When these facts become thoroughly appreciated and digested by the average citizen, these gentlemen and their able assistants will have no further cause to fear the withdrawal of financial or moral support for their work.

[Mr.
Wilson.]
Herbert M. Wilson, M. Am. Soc. C. E. (by letter).—The Fuel Division of the United States Geological Survey has given considerable attention to the use of peat as a fuel for combustion under boiler furnaces, in gas producers, and for other purposes. It is doubtless to this material that Mr. Allen refers in speaking of utilizing “marsh mud for fuel,” since he refers to an address by Mr. Edward Atkinson on the subject of “Bog Fuel” in which he characterized peat by the more popular term “marsh mud.”

In Europe, where fuel is expensive, 10,000,000 tons of peat are used annually for fuel purposes.
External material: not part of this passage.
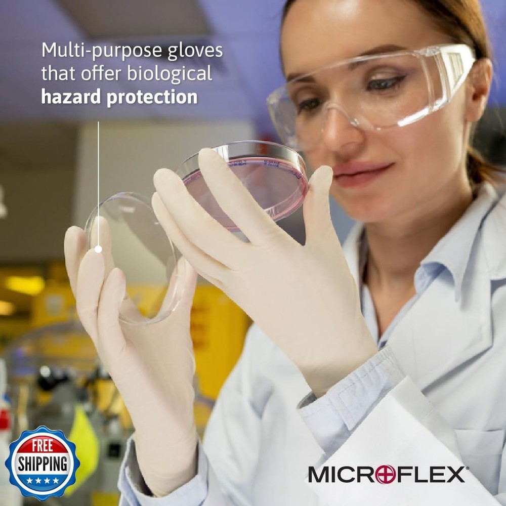 Microflex 10-754 Daily Defense Disposable Latex Gloves for Cleaning, Food Prep, First Aid - Medium, Natural (Case of 1000) Features Versatile single use gloves ideal for household, residential, commercial, or industrial use, including food processing, laboratory, janitorial, auto, mechanics Latex gloves feature textured fingertips for excellent grip when handling food, and superb tactile sensitivity for fine equipment or device handling Durable natural rubber gloves are powder-free, making them a great fit for sensitive skin that needs protection during meal prep, cleaning, or when working in a lab Comfortable glove available in sizes are small (6.5-7" palm circumference), medium (7.5-8"), large (8.5-9"), and extra large (9.5-10") Includes 1,000 Daily Defense ambidextrous gloves Shipping Free & Fast Shipping: We offer free shipping to most of the USA with a normal delivery time of 3-7 days. However, due to the current situation, additional delivery time (up to 3 weeks) may be required for some items. Alternative Carriers: We may use alternative carriers (e.g., USPS, FedEx, UPS) to ensure your package arrives safely and on time. Due to the use of multiple carriers, we are unable to provide a tracking number automatically. Handling Time: Orders are processed and shipped within 1-2 business days of receiving cleared payment. Shipping Restrictions: Shipping to Alaska, Hawaii, Puerto Rico, Guam, and other US territories may incur shipping charges or delivery restrictions. Please contact us before ordering, or your order can be refunded/cancelled. State Restrictions: Certain items may not be shipped to California due to state regulations. Contact for Tracking Updates: If you require tracking updates or have any concerns about the delivery of your order, please feel free to contact us, and we will be happy to assist you. Return Policy 30-Day Hassle-Free Returns: If you are not completely satisfied with your purchase, you can return the item for free within 30 days of receiving it for a full refund or exchange. Easy Return Process: Contact us, and we will provide you with a prepaid return shipping label and detailed instructions. No Restocking Fee: There are no restocking fees for returns. However, the buyer is responsible for return shipping costs if the return is not due to a seller"s error. Refund Processing: Refunds will be processed within 1 business day of receiving the returned item in its original condition. Feedback Your feedback is extremely important to us. We strive to provide the best products and customer service possible. If you are satisfied with your purchase, please take a moment to leave us a positive review. If you have any concerns or issues with your order, please contact us before leaving negative feedback. We are committed to resolving any problems and ensuring your satisfaction. Contact Us If you have any questions or concerns, please feel free to reach out to our customer support team. You can contact us through the eBay messaging system. We are available Monday to Friday, 9:00 am to 5:00 pm EST, and we will do our best to respond to your inquiry within 24 hours. Thank you for supporting our small family business!

A preliminary and incomplete examination, made by Mr. C. A. Davis, of the Fuel Division of the Geological Survey, indicates that the peat beds of the United States extend throughout an area of more than 11,000 sq. miles. The larger part of this is in New England, New York, Minnesota, Wisconsin, New Jersey, Virginia, and other Coastal States which contain little or no coal. It has been estimated that this area will produce 13,000,000,000 tons of air-dried peat.

At present peat production is in its infancy in the United States, though there are in operation several commercial plants which find a ready market for their product and are being operated at a profit. A test was made at the Pittsburg plant on North Carolina peat operated in a gas producer—the resulting producer gas being used to run a gas engine of 150 h.p.—the load on which was measured on a switch-board. Peat containing nearly 30% of ash and 15% of water gave 1 commercial horse-power-hour for each 4 lb. of peat fired in the producer. Had the peat cost $2 per ton to dig and prepare for the producer, each horse-power-hour developed would have cost 0.4 of a cent. The fuel cost of running an electric plant properly equipped for using peat fuel, of even this low grade, in the gas producer would be about $4 per 100 h.p. developed per 10-hour day.

Equally good results were procured in tests of Florida and Michigan peat operated in the gas producer. The investigations of peat under Mr. Davis include studies of simple commercial methods of drying, the chemical and fuel value, analyses of the peat, studies of the

mechanical methods of digging and disintegrating the peat, and physical tests to determine the strength of air-dried peat to support a load.

The calorific value of peat, as shown by numerous analyses made by the United States Geological Survey, runs from about 7,500 to nearly 11,000 B.t.u., moisture free, including the ash, which varies from less than 2% to 20%, the latter being considered in Europe the limit of commercial use for fuel. Analyses of 25 samples of peat from Florida, within these limits as to ash, show a range of from 8,269 to 10,865 B.t.u., only four of the series being below 9,000 B.t.u., and four exceeding 10,500 B.t.u., moisture free. Such fuel in Florida is likely to be utilized soon, since it only needs to be dug and dried in order to render it fit for the furnace or gas producer. Many bituminous coals now used commercially have fuel value as low as 11,000 B.t.u., moisture free, and with maximum ash content of 20%; buckwheat anthracite averages near the same figures, often running as high as 24% ash.

One bulletin concerning the peats of Maine has been published, and another, concerning the peat industries of the United States, is in course of publication.

Mr. Bartoccini asks whether it would not be possible for the United States Geological Survey to enforce rules which would prevent the existence of conditions such as occurred at the mine disaster of Cherry, Ill.

The United States Government has no police power within the States, and it is not within its province to enact or enforce rules or laws, or even to make police inspection regarding the methods of operating mining properties. The province of the mine accidents investigations and that of its successor, the Bureau of Mines, is, within the States, like that of other and similar Government bureaus in the Interior Department, the Department of Agriculture, and other Federal departments, merely to investigate and disseminate information. It remains for the States to enact laws and rules applying the remedies which may be indicated as a result of Federal investigation.